What you have to do:
Pictures in the records below must be left out. Return exactly the lines from the line with "Grazie alla costruzione" to the line with "Дерев'яні стінки кріпляться", both included.

Exercise material:
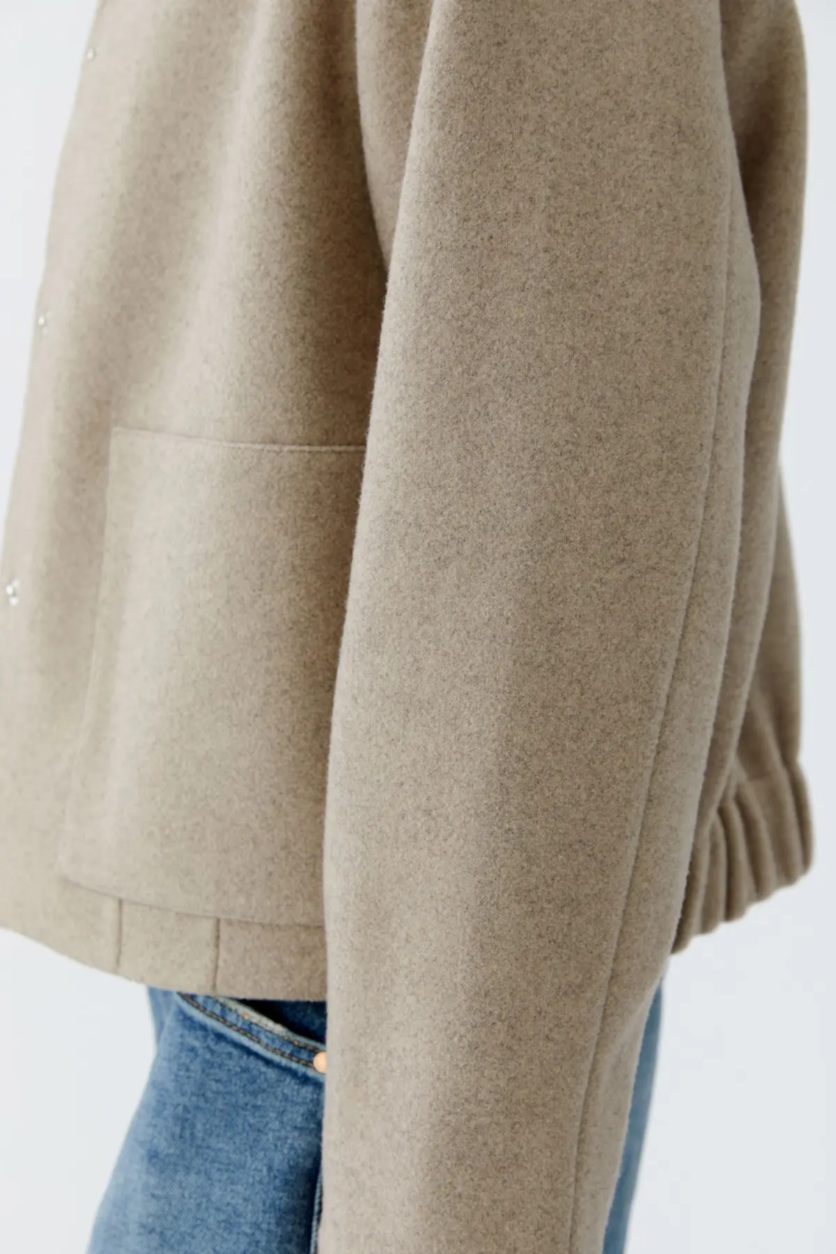 Повседневная легкая куртка Oui из мягкой ткани с шерстяным эффектом небрежного кроя с воротником и планкой на кнопках по всей длине, большими накладными карманами с боковым доступом.
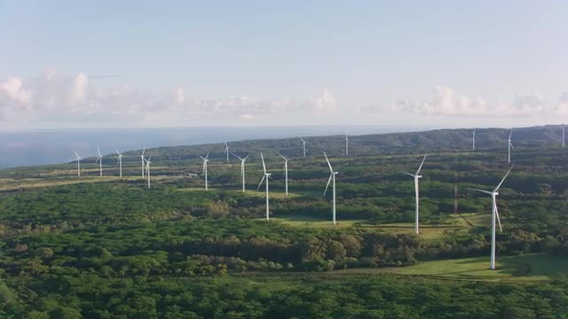 Panning shot of wind turbines at sunset
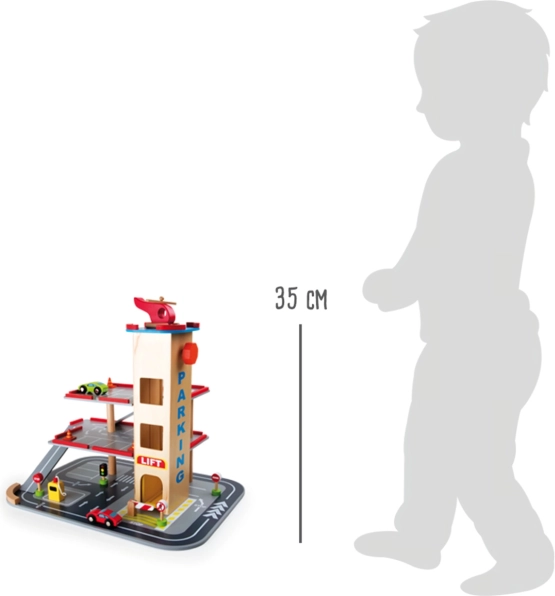 Grazie alla costruzione in legno resistente, il giocattolo è duraturo e a lunga durata. Le dimensioni del parcheggio sono 35x48x38 cm e sono adatte per bambini dai 3 anni in su.
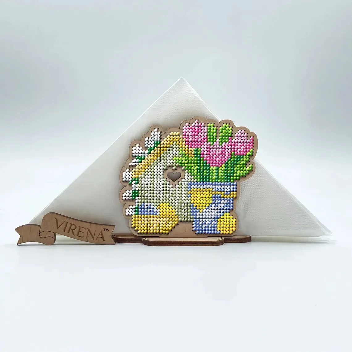 Дерев'яні стінки кріпляться до основи за допомогою спеціальних пазів. (після вишивки закріпити серветницю можна за допомогою декількох крапель клею ПВА)
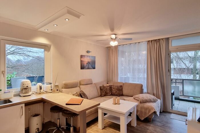 Das Appartement befindet sich in der 2. Etage in einer ruhigen, gepflegten Wohnanlage mit einer großen Sonnenterasse und ist nur wenige Schritte vom Strand entfernt. Es lädt sofort zum Wohlfühlen ein. Im hellen Wohnbereich steht eine gemütliche Eckcouch gegenüber der offenen Küche. In der Wohnraumnische befindet sich ein schönes Doppelbett (160 cm x 200 cm) und ein Kleiderschrank. Im kleinen Schlafzimmer steht ein Einzelbett (120 cm x 200 cm). Abgehend vom Flur erreichen Sie das helle Duschbad und das separate WC. Genießen Sie Ihr Frühstück bei Sonnenschein auf der schönen Terrasse bei herrlicher Umgebung unmittelbar am Strand.
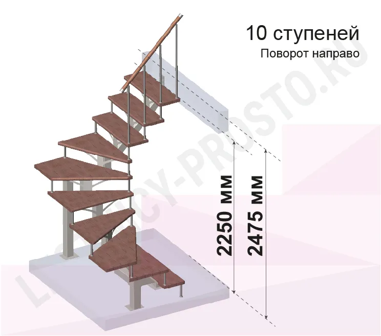 Высота лестницы 2250 - 2475 (10 ступеней) мм
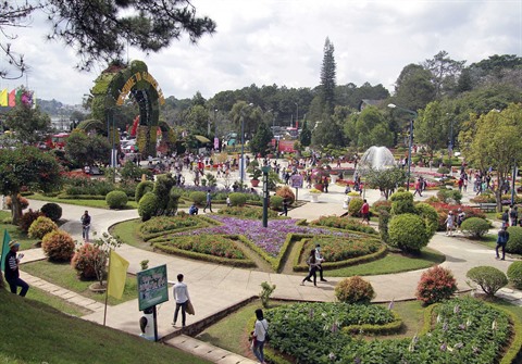 | Le parc central de la station climatique de Dà Lat, capitale provinciale de Lâm Dông (hauts plateaux du Centre), est rempli de touristes pendant la fête du Têt. |
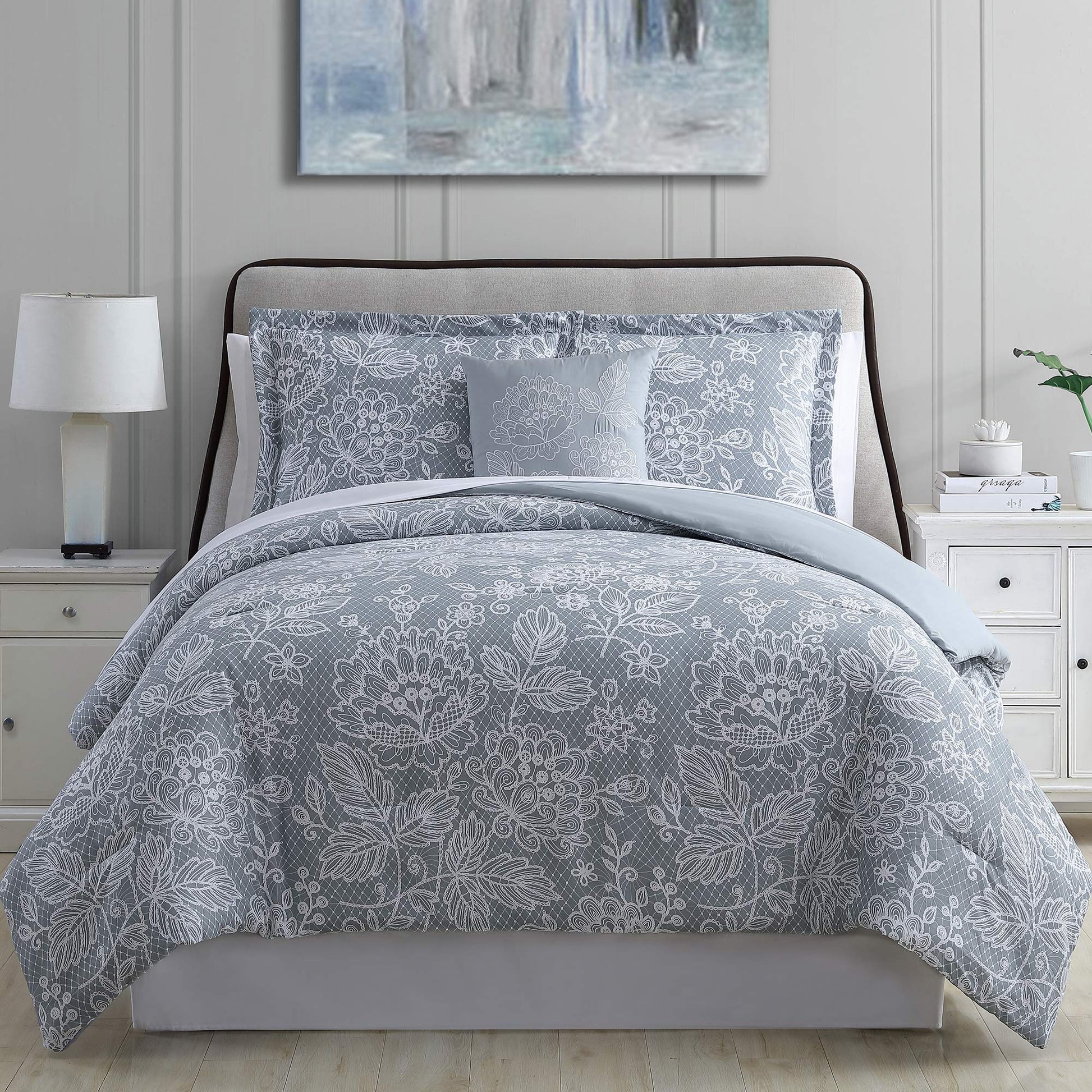 Olivia 8-Piece Reversible Bed in a Bag Silver Blue, Queen)

Output for this task:
 Grazie alla costruzione in legno resistente, il giocattolo è duraturo e a lunga durata. Le dimensioni del parcheggio sono 35x48x38 cm e sono adatte per bambini dai 3 anni in su.
 Дерев'яні стінки кріпляться до основи за допомогою спеціальних пазів. (після вишивки закріпити серветницю можна за допомогою декількох крапель клею ПВА)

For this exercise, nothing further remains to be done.